Top of EXERCISE MATERIALS
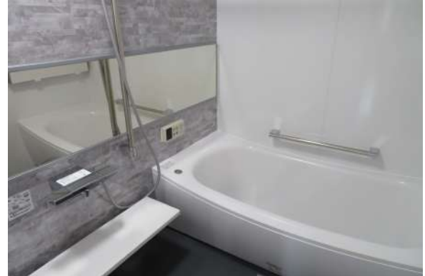
ユニットバス新品!『ほっカラリ床』であったか。翌朝カラリ。
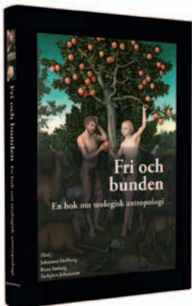
Bokutgivning – din gåva gör skillnad!

Vi väddar om generösa gåvor från våra understödjare för att Fakulteten inte ska behöva dra ner på sin verksamhet. Församlingsfakulteten behövs nu, mer än någonsin! Och ett särskilt viktigt stöd är det regelbundna gåvogivandet, att man varje månad skickar en summa. Det ger regelbundenhet i givandet och höjer på sikt våra intäkter.
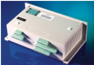
C - Feuerungsautomat
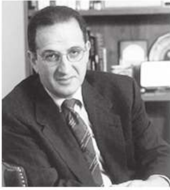
بقلم: د. جيمس الزغبى

قلما تكون مواسم الصيف لطيفة مع الرؤساء الأميركيين. فعلى رغم أن الكونجرس يكون في عطلة، والحركة تتباطأ في واشنطن، إلا أن شهر أغسطس هو الشهر الذي تسخن فيه القضايا وتفيض، والشهر الذي يبدو فيه أن الرؤساء يفقدون السيطرة على أجداتهم. وهذا الصيف ليس استثناءً من ذلك، فثمة
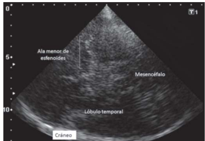
Figura 1. Detalles anatómicos del plano mesencefálico.

El DTCC fue realizado por el autor, con entrenamiento previo en la identificación y medición del sistema ventricular, y después de un año de experiencia, ciego al resultado de la TC. Se empleó un equipo Toshiba Nemio XG dotado de un transductor sectorial de 2.5 mHz, obteniéndose las imágenes en modo B. Con el enfermo en decúbito supino, se colocó la sonda en la ventana temporal preauricular con dirección orbitomeatal, por encima del arco cigomático y a una profundidad de imagen entre 14-16 cm, de manera que fuese posible identificar el hueso temporal contralateral. En ese plano, horizontal, se identificó primero la imagen hipoecogénica del mesencéfalo rodeada por el líquido cefalorraquídeo (hiperecoico) (Figura 1). Descendiendo algo en altura el transductor e inclinándolo aproximadamente 10 grados en
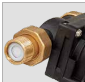
Attacchi ruotabili + valvola di non ritorno

Per la pulizia dell'elemento filtrante è sufficiente aprire lo scarico che attiva il sistema di lavaggio in controcorrente.
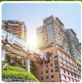
รถไฟกะลุดัก
Bottom of EXERCISE MATERIALS
* YOUR TASK:
What is needed is an exact transcription of the lines from the one containing "Attacchi ruotabili + valvola di non ritorno" through the last line of the records above, both included, with no pictures.

* ANSWER BOX:
Attacchi ruotabili + valvola di non ritorno

Per la pulizia dell'elemento filtrante è sufficiente aprire lo scarico che attiva il sistema di lavaggio in controcorrente.
รถไฟกะลุดัก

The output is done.